The Liberty Bridge, which was completed in 1928, connects downtown Pittsburgh, Pennsylvania, to the Liberty Tunnels and the South Hills neighborhoods beyond. It crosses the Monongahela River and intersects Interstate 579 (the Crosstown Boulevard) at its northern terminus.

It was designed by George S. Richardson and cost $3,456,000 to build.

==History==
The Liberty Bridge is a steel cantilever bridge and was created as the missing link between downtown Pittsburgh and the Liberty Tunnel, which had been built four years earlier in 1924 as a link to the South Hills.
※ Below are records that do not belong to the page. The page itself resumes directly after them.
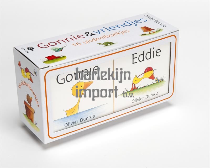 Sinds Gonnie en Gijsje zes jaar geleden de Nederlandse boekwinkels binnenwaggelden, zijn deze gansjes en hun vriendjes razend populair bij peuters. Hoog tijd dus om alle vriendjes en vriendinnetjes mee te laten genieten van hun avonturen. In de doos zitten 16 miniboekjes (4 x 4 verschillende titels) om uit te delen op een verjaardag of bij het afscheid nemen van de peutergroep, of om zomaar weg te geven omdat je iemand aardig vindt.
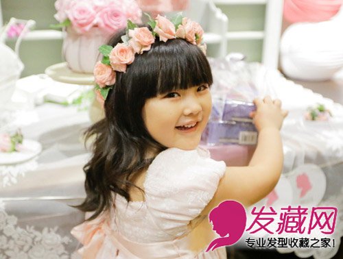 搭配粉裙很是可爱,微卷的发梢更显公主范。
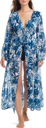 Saunter between cabana and tiki bar in this printed cover-up dress that's cinched with trailing tassel ties for an insouciant and very beachy look.
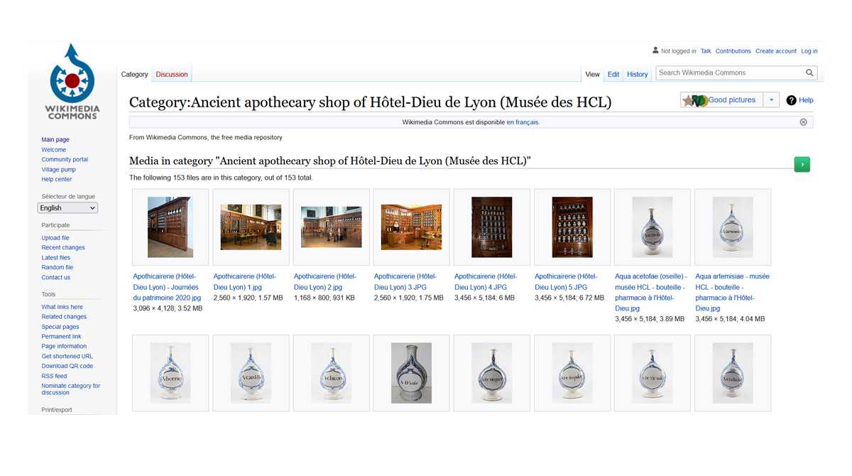 Chacun peut ainsi connaître plus en détail les produits pharmaceutiques qui étaient contenus dans les près de 150 pots de l’apothicairerie de l’Hôtel-Dieu, que vous pouvez voir à la Cité Internationale de la Gastronomie, et illustrer des articles sur Wikipedia avec ces images et les compléter à l’aide de ces informations.
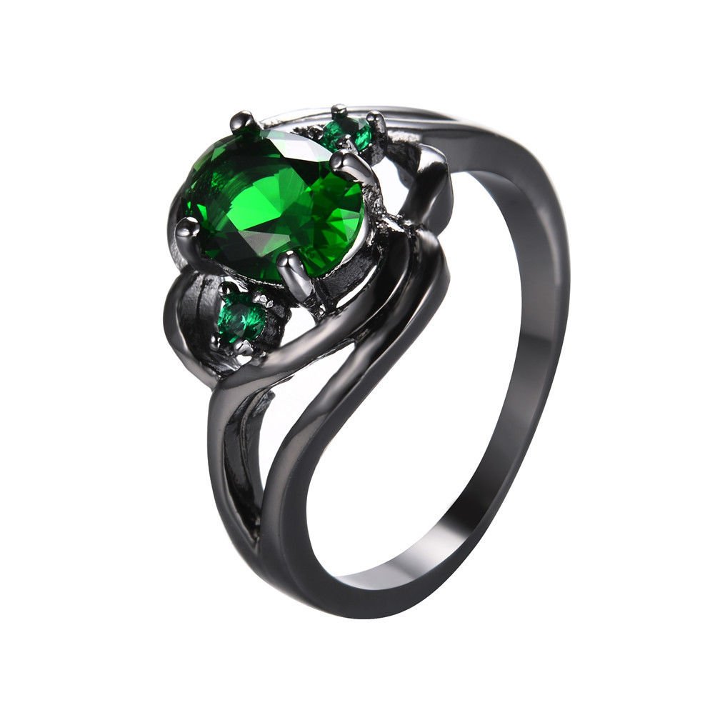 Details About Vintage Oval Green Emerald Wedding Ring 10kt Black Gold Filled Jewelry Size 9
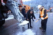 경기뉴스광장 강성규 기자 |1일 저녁부터 2일 아침 사이 경기도 전역에 올겨울 들어 가장 많은 눈이 내린 가운데 김동연 경기도지사가 수원 시내를 돌며 제설현황과 도민들의 출근 상황을 점검했다. 김동연 지사는 먼저 2일 아침 7시 반경 수원시 영통구 하동에 위치한 수원 제설전진기지를 찾아 밤사이 제설 현황을 살핀 후 대기실에서 작업자들과 담소를 나눴다. 김규식 경기도 안전관리실장으로부터 제설 현황을 보고 받은 김 지사는 “밤새 밤잠 설쳐가며 제설 작업에 임하시느라 고생이 많으셨다”면서 “근무하면서 불편하시거나 부족한 것은 없으신지” 라고 격려했다. 자리를 함께한 작업반장은 “딱히 불편한 점은 없다. 이른 시간에 찾아와주셔서 감사하다”고 말했다. 김 지사는 제설 현황 점검에 이어 인근 버스정류소를 찾아 출근길을 교통 상황도 점검했다. 버스정류장 온열벤치 등 시설물들을 살펴 본 김 지사는 도민들에게 ‘밤새 눈이 꽤 왔는데 아침에 출근하는 데 크게 불편은 없으신지?’ 등을 물으며 잠시 소통하는 시간을 가졌다. 도민들은 ‘눈이 왔는데도 평상시와 다르게 막히지 않아 불편함은 없다’, ‘다른 날과 다르지 않다, 지연 없이 버스가 잘 오고 있다’는 등의 반응을 보였다. 경
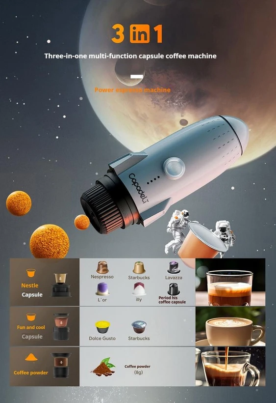 از جمله ویژگی های برجسته قهوه ساز شارژی کاپادلی مدل ME2409 می توان به برند معتبر CAPADELI، مدل ME2409، وزن مناسب 834 گرم و بدنه فولاد ضد زنگ اشاره کرد. قهوه ساز شارژی کاپادلی مدل ME2409 دارای منبع انرژی باتری داخلی با ظرفیت 7800 میلی آمپر است که امکان استفاده بدون نیاز به پریز را فراهم می کند. ظرفیت مخزن آب 80 میلی لیتر و ظرفیت فنجان 250 میلی لیتر، به کاربر اجازه می دهد همزمان چند فنجان قهوه یا اسپرسو آماده کند. قابلیت استفاده هم با آب سرد و هم آب گرم، و همچنین سازگاری با پودر قهوه، قرص نسپرسو و قرص Dolce gusto، از دیگر مزایای قهوه ساز شارژی کاپادلی مدل ME2409 است. دمای استخراج 92 درجه سانتی گراد، فشار 19 بار و قابلیت استخراج طعم حرفه ای اسپرسو با کرمای غلیظ، این دستگاه را به یک ابزار حرفه ای برای دوستداران قهوه تبدیل کرده است.
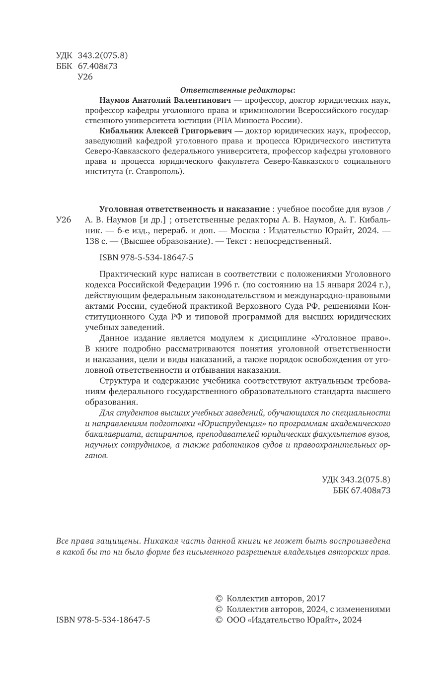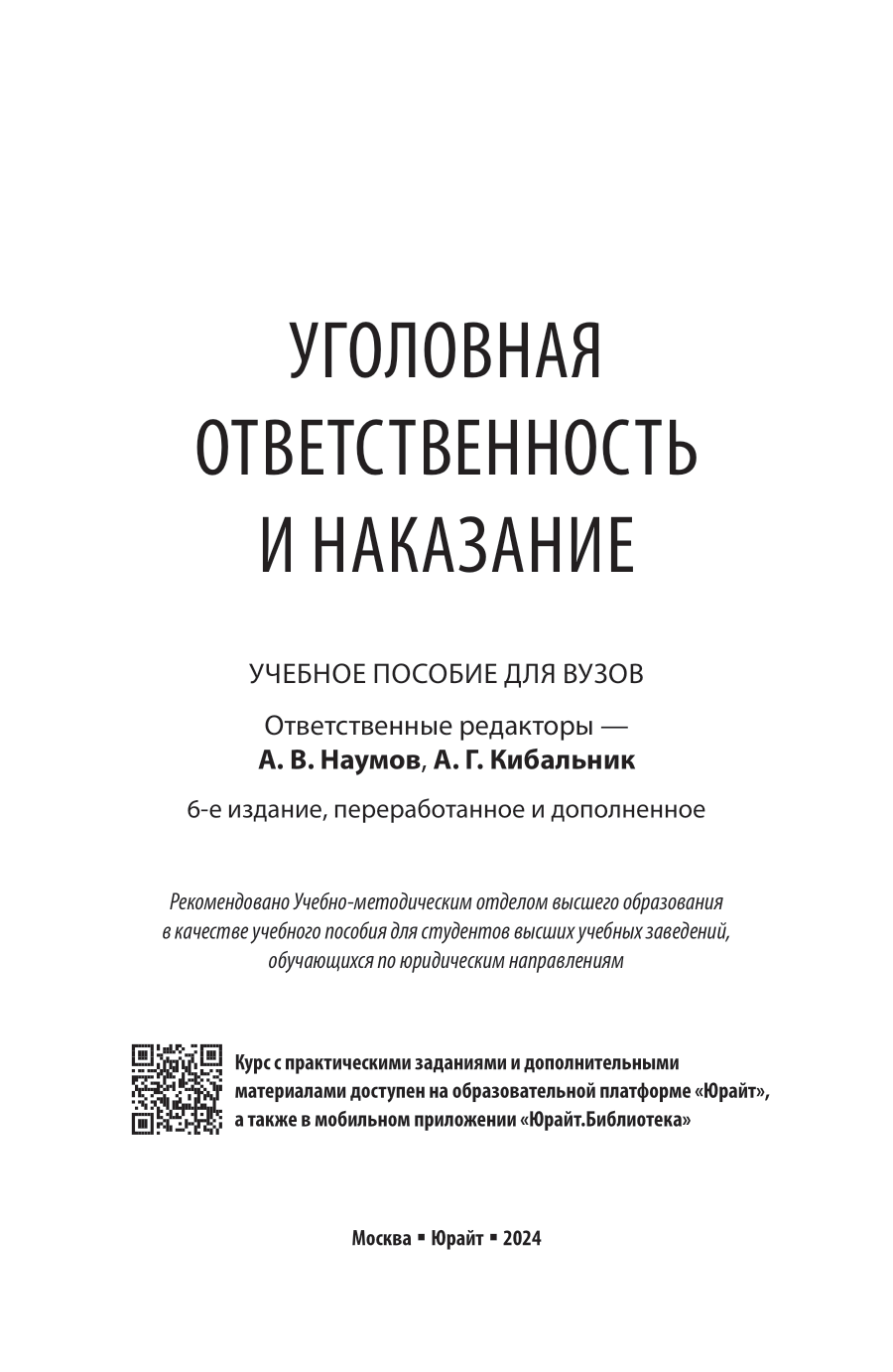 Практический курс написан в соответствии с положениями Уголовного кодекса Российской Федерации 1996 г. (по состоянию на 15 января 2024 г.), действующим федеральным законодательством и международно-правовыми актами России, судебной практикой Верховного Суда РФ, решениями Конституционного Суда РФ и типовой программой для высших юридических учебных заведений. Данное издание является модулем к дисциплине «Уголовное право». В книге подробно рассматриваются понятия уголовной ответственности и наказания, цели и виды наказаний, а также порядок освобождения от уголовной ответственности и отбывания наказания. Структура и содержание учебника соответствуют актуальным требованиям Федерального государственного образовательного стандарта высшего образования. Для студентов высших учебных заведений, обучающихся по специальности и направлениям подготовки «Юриспруденция» по программам академического бакалавриата, аспирантов, преподавателей юридических факультетов вузов, научных сотрудников, а также работников судов и правоохранительных органов.

The bridge opened on March 27, 1928, following a 5 mi vehicle parade from the southern suburbs of the city, which crossed the Smithfield Street Bridge and proceeded through downtown before ending at the southern end of the new bridge.

It was designed by George S. Richardson and cost $3,456,000 to build. It is 2663 ft 3/16 in long, the main span is 448 ft, and the water clearance is 44.4 ft.

It was renovated in 1982 by the Dick Corporation, at a cost of $32 million.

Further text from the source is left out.